およそ1時間の陪審は、カレン・マクドナルド被告が「監護権は元夫が有し、元妻は子どもに近付いてはならない」とする裁判所の決定を無視したと判断した。マクドナルド被告に対する判決は来月にも下される予定で、最高で6年の懲役刑が科される可能性がある。
マクドナルド被告は、容疑について全面的に認めている。マクドナルド被告を担当するデヴィッド・ボゲンシュッツ弁護士は「マクドナルド氏は、離婚直前に同性愛者であることをカムアウトした夫が、息子のセクシュアリティに影響を及ぼすことを懸念したために誘拐・逃亡という行動に及んだ。彼女の行動は、裁判所による命令で困難な状況に陥った中で、わが子を心配した親の行動に過ぎない」と述べ、マクドナルド被告の犯行が正当化されるものであると主張。
マクドナルド被告は、2001年、フォート・ローダデール・スクールから当時11歳だった息子を誘拐し、コスタリカに逃亡。被告と息子は同国に4年間滞在したが、2002年6月、コスタリカ発アメリカ行の飛行機から降りたところを、ヒューストンにある合衆国税関で逮捕された。
少年は現在16歳で、父親とコロラド州で生活している。
マクドナルド被告の証言によると、被告と元夫は1988年に結婚。翌年妊娠、1997年に離婚した。離婚直前、元夫は、同性愛者であること、同性パートナーがいることをカムアウトした。プライバシー保護のため、被告元夫、そのパートナー、少年の名前は公表されていない。

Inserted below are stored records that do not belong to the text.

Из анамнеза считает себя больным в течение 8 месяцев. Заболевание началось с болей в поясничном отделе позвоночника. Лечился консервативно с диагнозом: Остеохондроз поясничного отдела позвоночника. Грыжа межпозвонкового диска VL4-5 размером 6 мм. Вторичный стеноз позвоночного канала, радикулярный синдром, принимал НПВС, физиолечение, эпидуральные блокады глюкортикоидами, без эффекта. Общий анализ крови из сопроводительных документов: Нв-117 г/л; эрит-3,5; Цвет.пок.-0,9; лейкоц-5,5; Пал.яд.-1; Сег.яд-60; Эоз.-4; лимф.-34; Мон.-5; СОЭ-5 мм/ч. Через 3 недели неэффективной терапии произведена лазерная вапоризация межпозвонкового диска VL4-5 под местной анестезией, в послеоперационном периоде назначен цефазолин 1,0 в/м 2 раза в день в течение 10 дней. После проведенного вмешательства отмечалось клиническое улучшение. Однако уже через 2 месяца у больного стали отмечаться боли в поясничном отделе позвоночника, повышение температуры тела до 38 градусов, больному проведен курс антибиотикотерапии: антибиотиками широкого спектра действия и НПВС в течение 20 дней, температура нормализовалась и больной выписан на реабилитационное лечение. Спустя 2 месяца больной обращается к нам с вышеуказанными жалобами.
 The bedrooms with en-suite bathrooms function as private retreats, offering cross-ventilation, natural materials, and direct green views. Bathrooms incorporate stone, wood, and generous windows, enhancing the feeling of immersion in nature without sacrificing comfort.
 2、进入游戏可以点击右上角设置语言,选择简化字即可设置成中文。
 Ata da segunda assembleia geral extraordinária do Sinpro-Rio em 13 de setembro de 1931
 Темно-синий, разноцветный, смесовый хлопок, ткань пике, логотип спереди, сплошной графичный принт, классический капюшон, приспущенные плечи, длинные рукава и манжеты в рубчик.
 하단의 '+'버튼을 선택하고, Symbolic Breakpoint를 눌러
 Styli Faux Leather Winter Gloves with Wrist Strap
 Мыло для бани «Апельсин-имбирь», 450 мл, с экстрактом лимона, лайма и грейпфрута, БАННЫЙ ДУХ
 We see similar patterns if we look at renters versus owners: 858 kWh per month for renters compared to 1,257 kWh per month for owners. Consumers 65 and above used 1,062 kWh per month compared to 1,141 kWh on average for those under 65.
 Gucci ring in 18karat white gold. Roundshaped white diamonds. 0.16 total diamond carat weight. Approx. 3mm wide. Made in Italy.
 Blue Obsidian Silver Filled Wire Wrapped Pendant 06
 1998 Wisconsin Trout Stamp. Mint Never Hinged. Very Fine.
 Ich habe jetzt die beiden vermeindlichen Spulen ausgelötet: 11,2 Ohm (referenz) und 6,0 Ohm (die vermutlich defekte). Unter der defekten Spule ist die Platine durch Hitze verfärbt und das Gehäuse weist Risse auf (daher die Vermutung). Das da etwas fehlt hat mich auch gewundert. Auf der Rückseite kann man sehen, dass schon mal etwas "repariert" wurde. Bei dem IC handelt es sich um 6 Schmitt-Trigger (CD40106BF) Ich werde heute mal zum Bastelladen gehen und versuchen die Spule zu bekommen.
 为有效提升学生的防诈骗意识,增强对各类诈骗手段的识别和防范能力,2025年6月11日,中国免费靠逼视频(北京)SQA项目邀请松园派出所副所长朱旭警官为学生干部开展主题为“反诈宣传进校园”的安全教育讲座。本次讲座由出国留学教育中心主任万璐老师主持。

マクドナルド被告と元夫は離婚に際し、少年の監護権を争った。マクドナルド被告が少年を引き取るのは不可能だと判断した精神科医の証言などが考慮され、裁判所は、元夫のみに監護権を認め、被告に対して、少年と一切の接触をとらないよう命じた。
マクドナルド被告は今回の裁判の中で、元夫とそのパートナーを性的逸脱者と証言。元夫のパートナーが、少年の臀部(でんぶ)を触るなどしたとして非難し、少年の監護権を主張した。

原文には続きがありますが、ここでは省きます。